Javon Kinlaw, South Carolina (6-6, 310): Kinlaw earned some first-team All-American honors following a superb senior season. He finished eighth in the SEC with six sacks and added six tackles for losses. The team captain and December graduate earned a bunch of team awards, including the Unselfish Teammate Award, Tenacity Award and Outstanding Student-Athlete. In two seasons, the junior-college transfer tallied 10.5 sacks and 18 tackles for losses.

Kinlaw literally will be a rags-to-riches story, one that was told by the Greenville News. His mother came to the United States from Trinidad and Tobago in 1995. In 2008, she moved her family from Washington, D.C., to Hyattsville, Md., to pursue a business opportunity. The opportunity fell through, leaving her and her children homeless. “It was really difficult for me, but I knew at that time that I was going to try to do something better.” He spent one season in junior college before arriving at South Carolina tipping the scales at 350 pounds because of his fondness for the free food. His childhood drove him down the path to the NFL. “We were really homeless the whole time we was staying up there. We stayed with my mom’s friends,” Kinlaw told the Post and Courier. “Out of all those situations I’ve been in, I still dream of things like that. I don’t want to go back to situations like that, so I have to keep pushing.” In great shape and with his eye on the prize, he dominated. “Javon makes you smile as a coach. He’s physical. He’s a tough-minded guy,” defensive line coach John Scott Jr. told The Athletic. “There’s not many 6-6, 300-plus pound guys who have his athleticism. He’s strong, and he’s got something that only God can give you, extremely long arms. He can separate off blockers with quick twitch. If you had to draw up the body type for that league, that would be it.” He’s got a baby girl; at the Senior Bowl, he said 9-month-old Eden was 31 inches long with size-5 shoes.

Rashard Lawrence II, LSU (6-2, 308): Lawrence had a breakout junior season with four sacks, 10 tackles for losses and 54 tackles. All of those set career highs. He wasn’t as productive as a senior with his 2.5 sacks and six TFLs among 28 stops, but the team captain was named second-team all-SEC. He capped his junior season with two sacks and four tackles for losses in an MVP performance against UCF in the Fiesta Bowl. Six of his seven pass breakups came as a junior and senior.

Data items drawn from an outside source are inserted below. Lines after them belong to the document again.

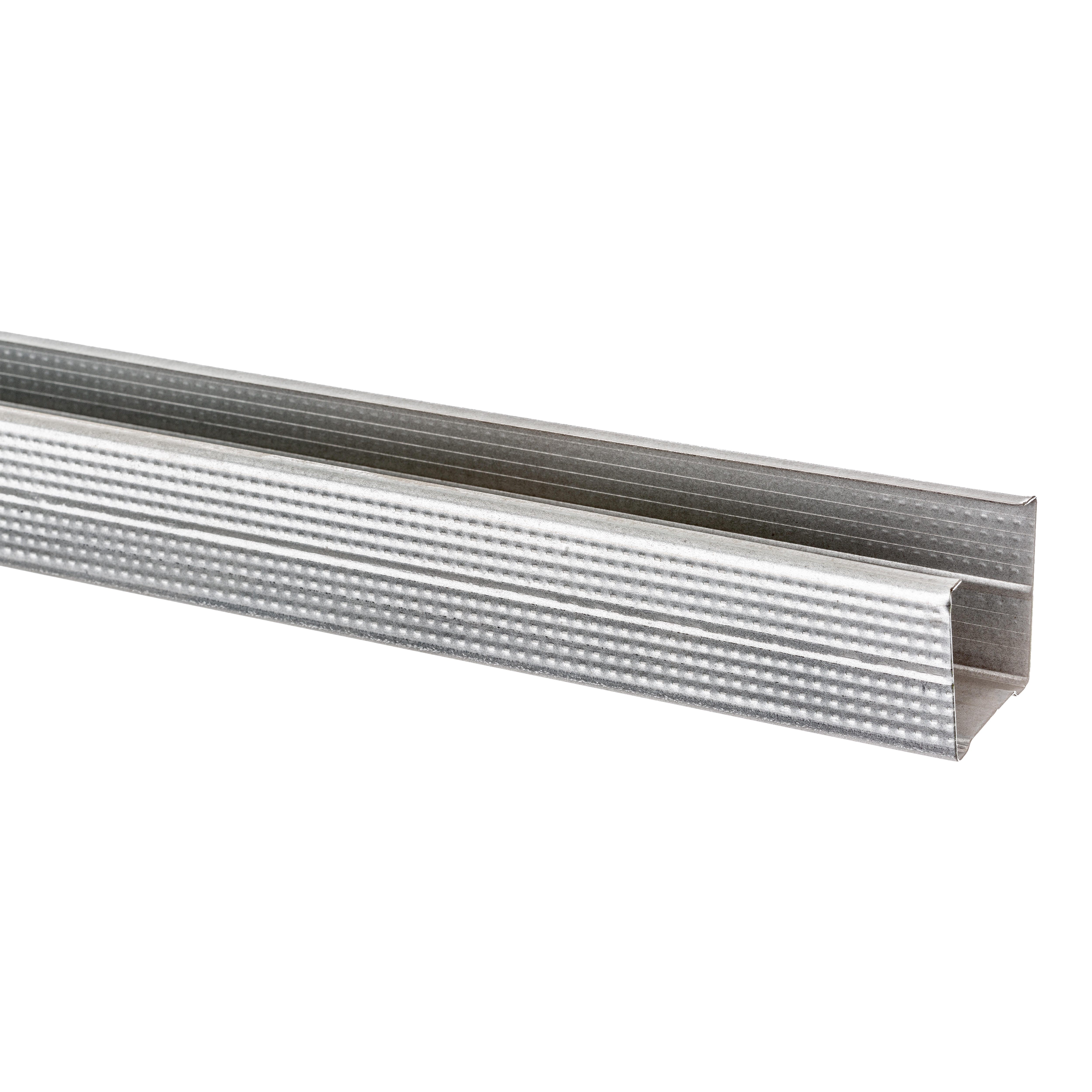 Montante metálico. Elemento vertical enforma de "C" que encaja dentro de los raíles en la estructura portante de tabiques o trasdosados autoportantes de placa de yeso laminado. Su forma de "U" invertida en orificios para el paso de las instalaciones por el interior del parámetro evitando así cortes en el paso de instalaciones. Medida 3 m y 36 mm.
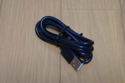付属の充電用ケーブルです。AukeyのUSBケーブルは数本持ってますが、これまでケーブルより太いです。取説や使用には記載がありませんが、急速充電に対応したケーブルかもしれません。
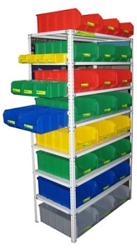 Полочный стеллаж с ударопрочными ящиками типа V подойдет для хранения инструмента, деталей, запчастей или различных мелочей. Стеллаж идет в комплекте с ударостойкими пластиковыми ящиками серии "V" из полипропилена. Цвета ящиков можно указать в заказе. Дополнительно можно установить 3 ящика на пол (в стоимость не входят и продаются отдельно).

An “old soul,” he’s called “Uncle Phil” – a TV character on “The Fresh Prince of Bel-Air – by his teammates. When he was 3, he cried to watch football. When he was 13, he had a full beard. "I've seen him go from a boy to a man," his dad told the Advocate. “He's done everything that I could ever want him to do.” Lawrence was a three-year captain and a member of the SEC’s academic honor roll. "I take a lot of pride in that," Lawrence told the school athletics site. "Football can end at any time. We're student-athletes. Being able to graduate in December and know that I have life after football is very important.” He likes singing to Gwen Stefani songs. “He's a big Teddy Bear, because he's so sweet,” former LSU linebacker Devin White told the school athletics site. “He doesn't have a bad bone in his body. He makes straight A's, and people don't even talk about it. He does whatever anybody asks of him. If a fan asks him for an autograph, he makes sure he'll do it, because that's the kind of guy he is.” The best of being recruited was the food.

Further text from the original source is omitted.